Berdasarkan data yang diperoleh, SMP Negeri 3 Cihampelas tercatat menerima Dana BOS sebesar Rp.592.360.000 pada 2024 dan Rp.554.600.000 pada 2025. Dengan demikian, total dana yang tercatat diterima sekolah selama dua tahun tersebut mencapai Rp.1.146.960.000.
Data tersebut terdiri atas Dana BOS 2024 Tahap I sebesar Rp.296.180.000 dan Tahap II Rp.296.180.000. Sementara pada 2025, Tahap I tercatat Rp.277.300.000 dan Tahap II dengan nominal yang sama.
Dari keseluruhan anggaran tersebut, salah satu pos yang menjadi perhatian adalah pemeliharaan sarana dan prasarana.
Data yang diperoleh mencatat realisasi pemeliharaan sarana dan prasarana sebesar Rp.19.233.000 pada 2024 Tahap I, Rp.24.701.200 pada Tahap II, Rp.9.500.000 pada 2025 Tahap I, dan Rp.24.418.000 pada Tahap II.
Jika dijumlahkan, realisasi pemeliharaan sarana dan prasarana tersebut mencapai Rp.77.852.200 selama 2024–2025.
Persoalannya, data anggaran tersebut perlu dicocokkan dengan kondisi fisik sarana dan prasarana sekolah.
Berdasarkan dokumentasi lapangan yang diperoleh, masih terlihat sejumlah bagian lantai atau keramik yang mengalami keretakan maupun pecah. Selain itu, fasilitas wastafel dan sanitasi sekolah juga terlihat membutuhkan perhatian pemeliharaan. Kondisi tersebut tidak serta-merta menunjukkan adanya penyimpangan anggaran. Namun, ketika sekolah tercatat merealisasikan puluhan juta rupiah untuk pemeliharaan sarana dan prasarana, menjadi relevan untuk mengetahui jenis pekerjaan apa yang dilakukan, bagian mana yang diperbaiki, berapa volumenya, kapan dilaksanakan, berapa nilainya, serta siapa penyedia atau pelaksananya.
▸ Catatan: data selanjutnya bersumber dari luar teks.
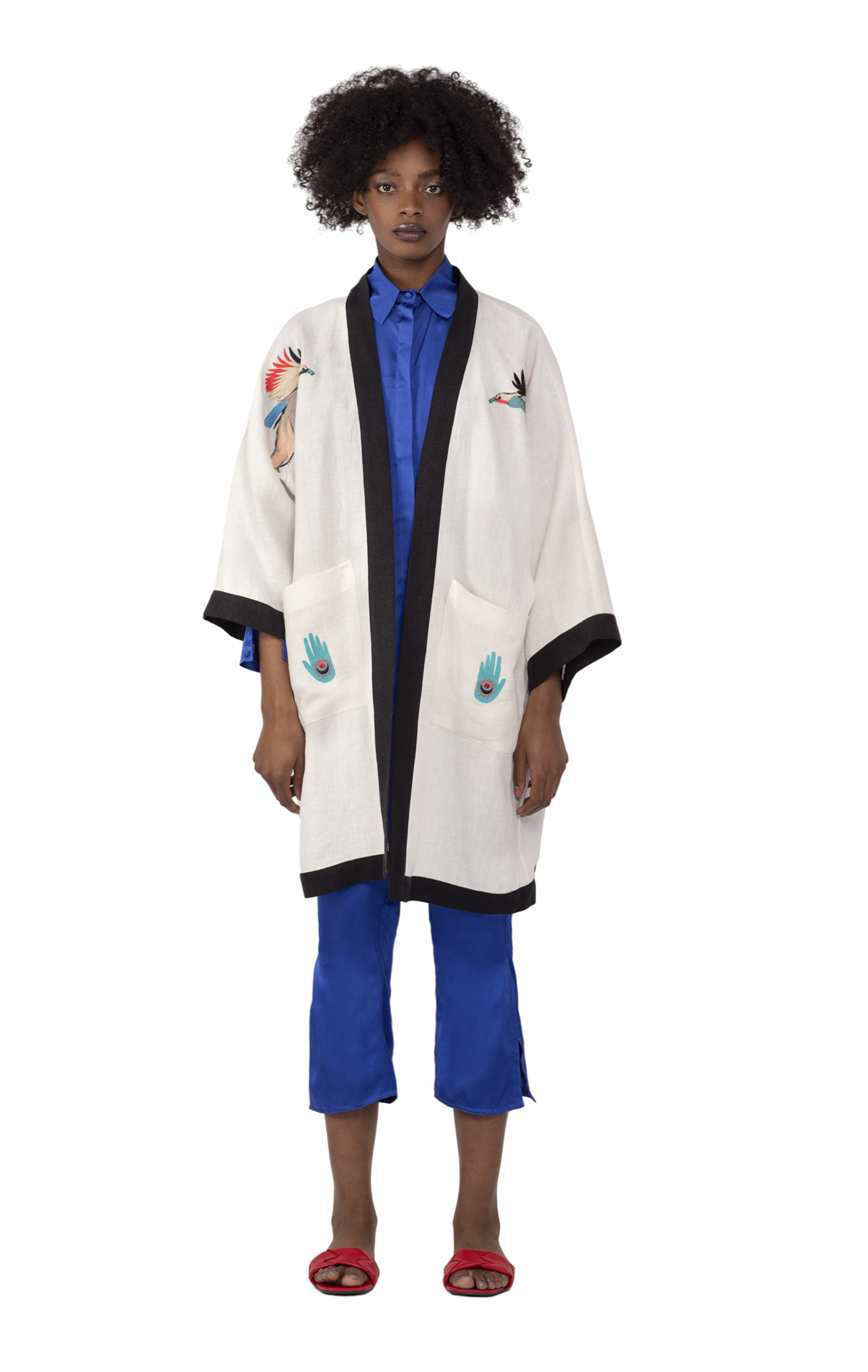 Linen is the perfect summer fabric, since it’s light and breathable .This embroidered linen kimono can be layered over trousers, jeans, shorts or a skirt.

Pertanyaan tersebut juga penting untuk melihat kesesuaian antara perencanaan dalam RKAS, realisasi anggaran dan kondisi fisik di lapangan. Selain pemeliharaan sarana dan prasarana, pos pembayaran honor juga menjadi bagian yang dikonfirmasi.
Data yang diperoleh mencatat pembayaran honor sebesar Rp130.980.000 pada 2024 Tahap I dan Rp130.980.000 pada Tahap II.
Pada 2025, pembayaran honor tercatat Rp126.260.000 pada Tahap I dan Rp55.020.000 pada Tahap II.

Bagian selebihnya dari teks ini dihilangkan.